×




Aqua Logistics Limited: An Attractive Target for Acquisition? Net Present Value (NPV) / MBA Resources

Introduction to Net Present Value (NPV) - What is Net Present Value (NPV) ? How it impacts financial decisions regarding project management?

NPV solution for Aqua Logistics Limited: An Attractive Target for Acquisition? case study


At Oak Spring University, we provide corporate level professional Net Present Value (NPV) case study solution. Aqua Logistics Limited: An Attractive Target for Acquisition? case study is a Harvard Business School (HBR) case study written by Gaurav Singh Chauhan, Pradip Banerjee. The Aqua Logistics Limited: An Attractive Target for Acquisition? (referred as “Aqua Logistics” from here on) case study provides evaluation & decision scenario in field of Finance & Accounting. It also touches upon business topics such as - Value proposition, Mergers & acquisitions, Operations management.

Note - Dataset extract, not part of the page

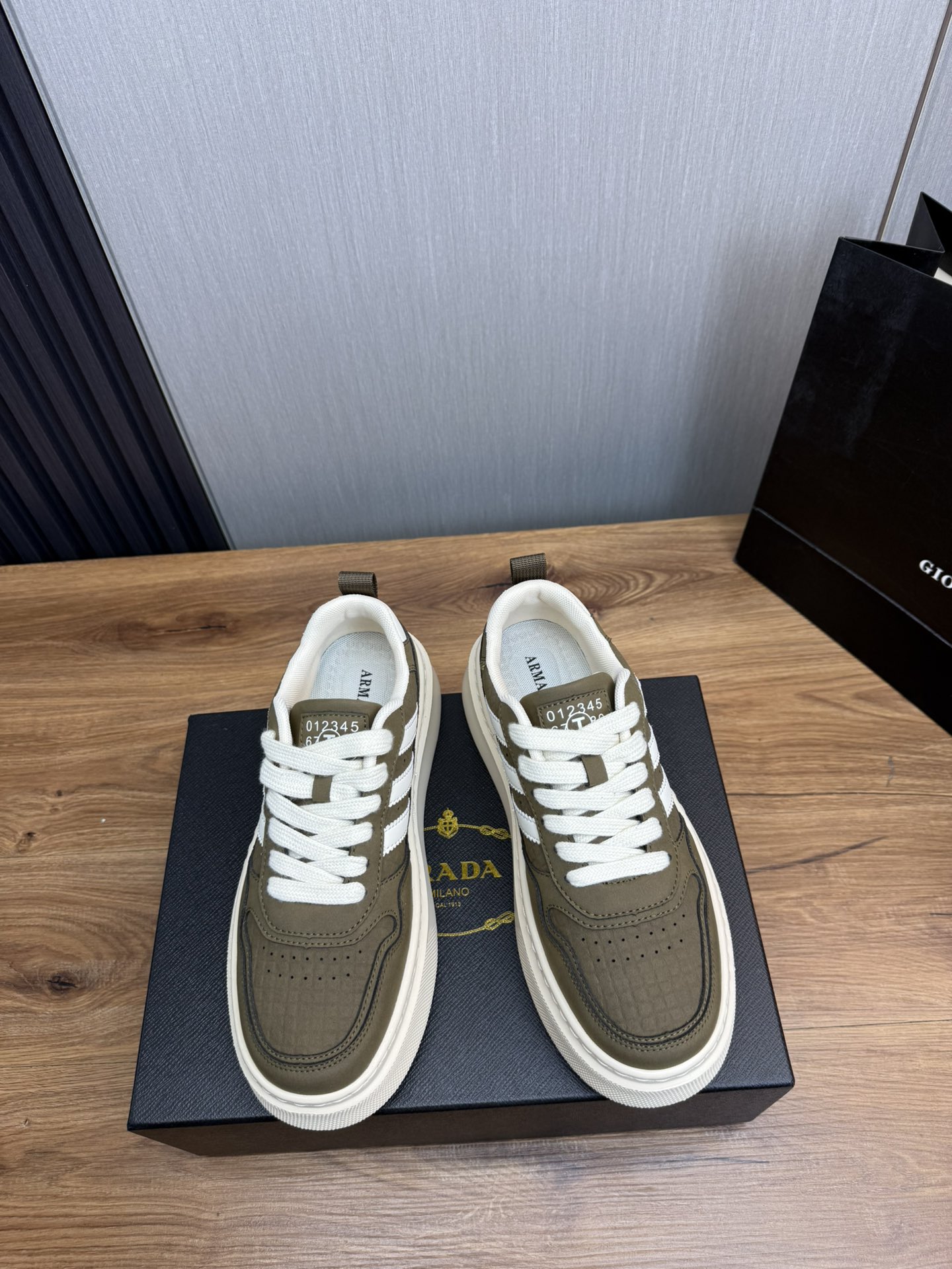这款鞋子是AAAAA 1:1 质量 (非常棒). 使用了和原版一模一样的材料. 商标部分也保持了和阿玛尼/Armani一样. 图片拍摄是实物鞋子拍摄, 您所收到的实物保证和我们图片一模一样.

The net present value (NPV) of an investment proposal is the present value of the proposal’s net cash flows less the proposal’s initial cash outflow. If a project’s NPV is greater than or equal to zero, the project should be accepted.

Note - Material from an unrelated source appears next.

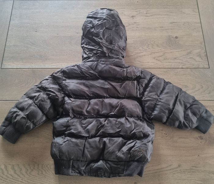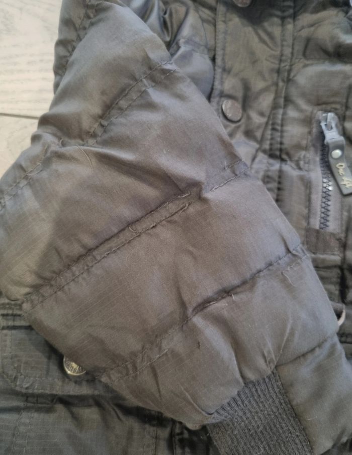 capuche amovible.Légèrement usé au niveau des pressions et des tirettes.Manque quelques surjets sur une manche.Mais la veste est dans un bon état général .Intérieur doux manche matière doublure. Dernier articles en taille 2ans

NPV = Present Value of Future Cash Flows LESS Project’s Initial Investment






Case Description of Aqua Logistics Limited: An Attractive Target for Acquisition? Case Study


Aqua Logistics Limited, one of India's leading logistics and supply chain management companies, suffered from poor financial management and was witnessing slowing demand in the industry. The company had significant financial debt to banks and financial institutions. Owing to such difficulties in managing its operations in a largely fragmented industry, the firm - with its strong network in multimodal transport and in the third-party logistics model of delivery - was a good target for companies seeking to consolidate their position in the industry. An acquiring firm, however, would want to answer several questions. What were the possible value drivers of Aqua Logistics Limited? From where would the synergistic gains be realized through an acquisition? How much should be offered for the acquisition? Gaurav Singh Chauhan is affiliated with Indian Institute of Management Indore. Pradip Banerjee is affiliated with Indian Institute of Management Indore.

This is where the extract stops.